Comodo Firewall
am 03.07.2007 00:18:45 von shaun_j_thomas
Hi all,
I recently read several reports on Comodo Firewall and looked into the
company behind the product (security firm who sale security certicates
and other services). However, apart from reading reports made by
others is it possible to monitor the effectiveness of the firewall
and, if so, how could this be done?
Any advice would be most welcome.
ST.
Re: Comodo Firewall
am 03.07.2007 01:05:17 von Kayman
wrote in message
news:1183414725.345810.27160@c77g2000hse.googlegroups.com...
> Hi all,
> I recently read several reports on Comodo Firewall and looked into the
> company behind the product (security firm who sale security certicates
> and other services). However, apart from reading reports made by others...
In short, what do the reports from 'others' reveal?

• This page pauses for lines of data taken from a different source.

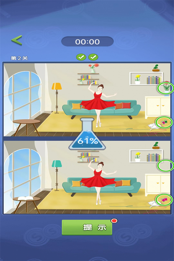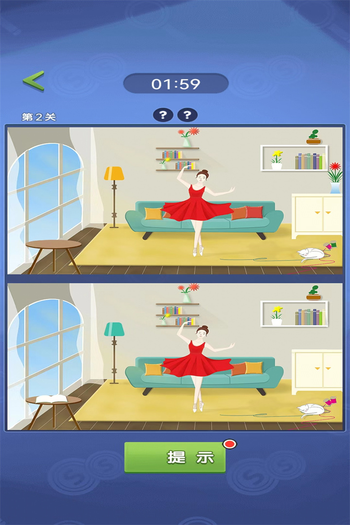 游戏类型:免费离线休闲益智游戏 游戏玩法:必须找到两张照片之间的不同来,每个关卡会有5个不同,在规定的时间内找出所有不同,游戏过关,否则游戏失败。 游戏特色: •超过300关卡的找茬,总计1500多个不同! •自动保存游戏进度,包括所有已经找到的不同和差异,让你随时随地想玩就玩,想停就停!
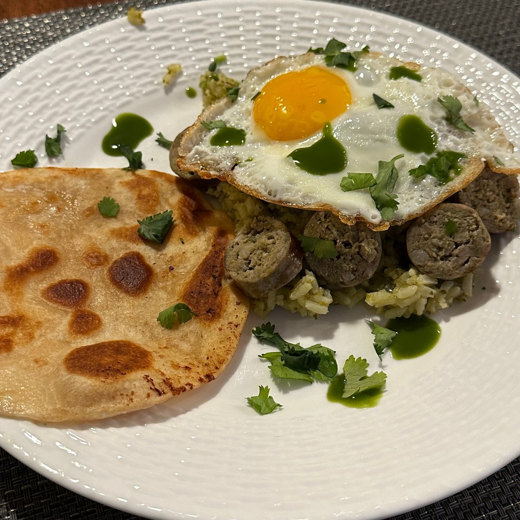 I picked up chorizo verde sausage at Formaggio Kitchen on Friday. I served them sliced over rice verde made with garlic, onion, poblano, jalapeno, and cilantro. Then I topped it with a fried egg.
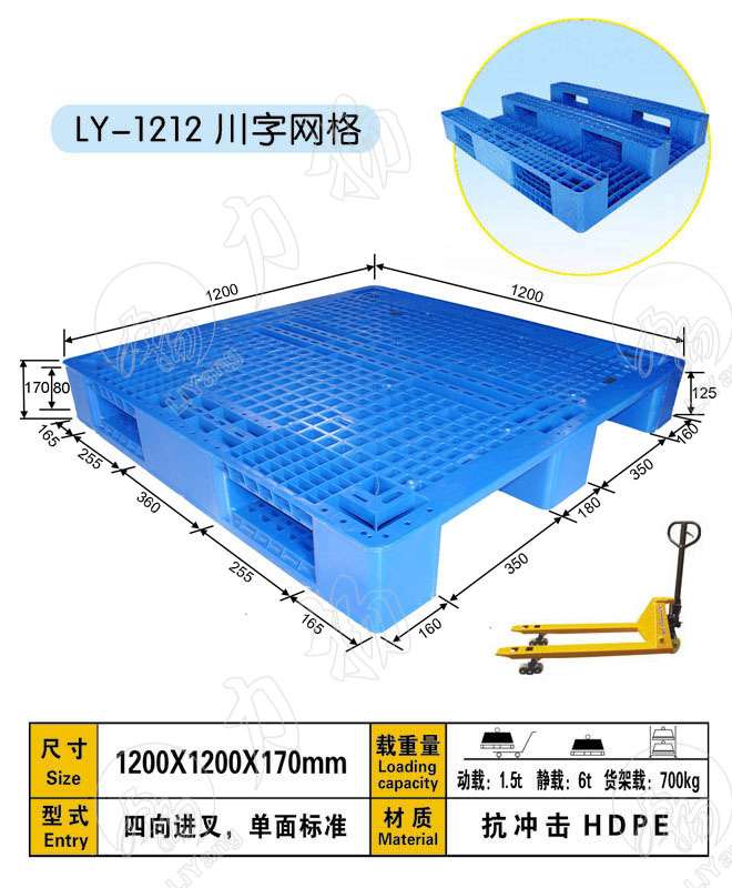 怀柔塑料托盘怀柔仓储塑料托盘厂托盘,提供100多种规格,主要尺寸:塑料托盘厂LY1412SM双面焊接 1400*1200*150 塑料托盘厂LY1515SM双面焊接 1500*1500*150 塑料托盘厂LY1010SM双面网格 1000*1000*150 塑料托盘厂LY1111SM双面网格 1100*1100*150 塑料托盘厂LY1311SM双面网格 1300*1100*150 塑料托盘厂LY1210SM双面网格 1200*1000*150 塑料托盘厂LY1412SM双面网格 1400*1200*150 塑料托盘厂LY1212SM双面网格 1200*1200150 塑料托盘厂LY1210DM川字网格1200*1000*160 塑料托盘厂LY1010DM川字网格1000*1000*160 塑料托盘厂LY1008DM川字网格1000*800*160

> ...is it possible to monitor the effectiveness of the firewall
> and, if so, how could this be done?
It can't be done, 3rd party PFW's aren't effective, they give you a wrong
sense of security.
> Any advice would be most welcome.
Steer away from 3rd party PFW's.
Re: Comodo Firewall
am 03.07.2007 02:55:25 von Sebastian Gottschalk
shaun_j_thomas@yahoo.co.uk wrote:
> Hi all,
> I recently read several reports on Comodo Firewall and looked into the
> company behind the product (security firm who sale security certicates
> and other services). However, apart from reading reports made by
> others is it possible to monitor the effectiveness of the firewall
> and, if so, how could this be done?
Trivial: take any advanced rootkit analysis tool that shows kernel hooks.
You'll find that, even when not installing the application control crap,
Comodo happily hooks NtCreateFile, NtRegistryOpen, NtCreateProcess,
NtOpenProcess and some more, as well as various user-mode routines. Yikes,
such a shitload should never be installed on any production machine!
Re: Comodo Firewall
am 03.07.2007 04:15:16 von unknown
Post removed (X-No-Archive: yes)
Re: Comodo Firewall
am 03.07.2007 04:36:50 von Sebastian Gottschalk
Bart Bailey wrote:
> In Message-ID:<5etl46F39hs4uU1@mid.dfncis.de> posted on Tue, 03 Jul 2007
> 02:55:25 +0200, Sebastian G. wrote: Begin
>
>> Trivial: take any advanced rootkit analysis tool that shows kernel hooks.
>
> Suggestion: IceSword - http://tinyurl.com/2f9osa
IceSword only shows hooks created via modified SSDT entries (which is
sufficient in this case). But generally I'd recommend System Virginity
Verifier, which also checks for binary patches and some kernel objects.
(Before you ask: Yes, I've seen some "security" software patching function
prologues.)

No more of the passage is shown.